Nous réussissons finalement à joindre l’ambassade belge par téléphone, qui de mon point de vue n’avait pas encore connaissance de l’ampleur de la situation. En bref, ils nous souhaitent « du courage », « quelques petits dégâts matériels, ne pas s’inquiéter … »
0H29 - Arrivée du premier véhicule de police sur la place. Nous restons finalement au sol, sur des cartons d’oranges vides avec un groupe de français et des couvertures ramenées courageusement par les 2 jeunes travaillant dans notre Riad ( Anas et Ilyas) restés avec nous malgré que leur famille ait aussi été touchée. Fort heureusement tout le monde va bien chez eux aussi alors que leur quartier est détruit. Le pays s’attend selon certains à une réplique vers 4h du matin…
5H30 - Ce matin, au lendemain de la catastrophe nous découvrons une ville meurtrie, qui essaie lentement de se relever... Le souvenir qui me revient particulièrement est l’entraide remarquable des marocains envers leur famille, mais surtout envers nous, de simples inconnus… Je pense que cette nuit est la preuve incontestable qu’il reste bien plus que de l’humanisme …
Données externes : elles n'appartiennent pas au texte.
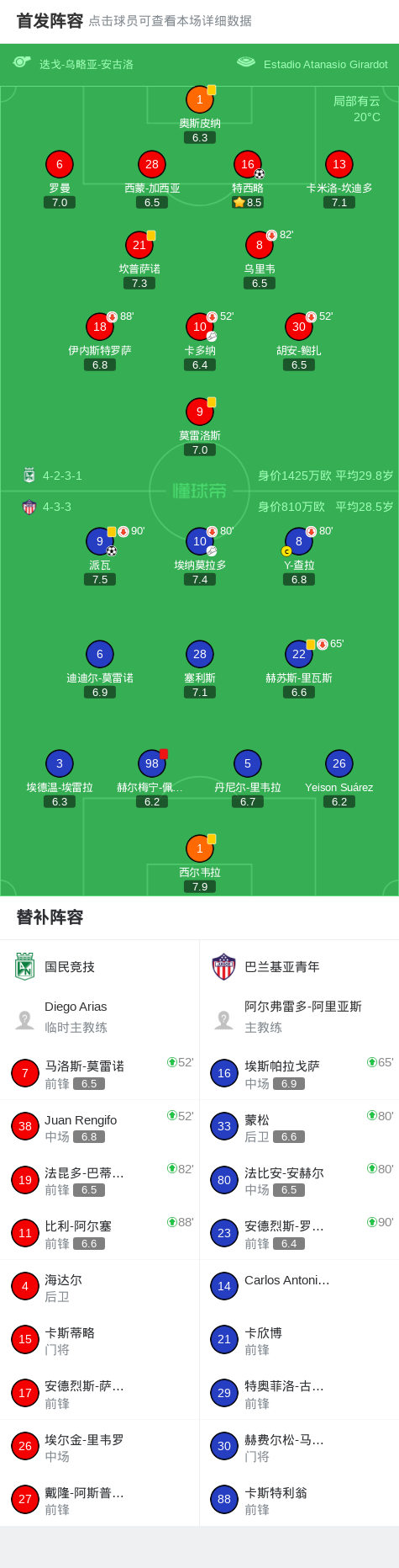 90分钟战报:国民竞技1-1战平巴兰基亚青年,双方进入加时赛

Nous avons eu la chance d’être physiquement épargnés et cela en grande partie grâce aux 2 jeunes hommes de notre Riad qui ont fait preuve d’un courage et d’un professionnalisme hors norme malgré qu’ils étaient aussi angoissés que nous. Ils n’ont pas hésiter à veiller à notre sécurité, notre « confort » toute la nuit. MERCI, vous êtes exceptionnels ! Nous remercions également notre « guide, chauffeur » et bien plus encore… Abdelrahim. Ainsi qu’Isabelle et Aziz d’avoir veillé toute la nuit en direct de la Belgique sur nous.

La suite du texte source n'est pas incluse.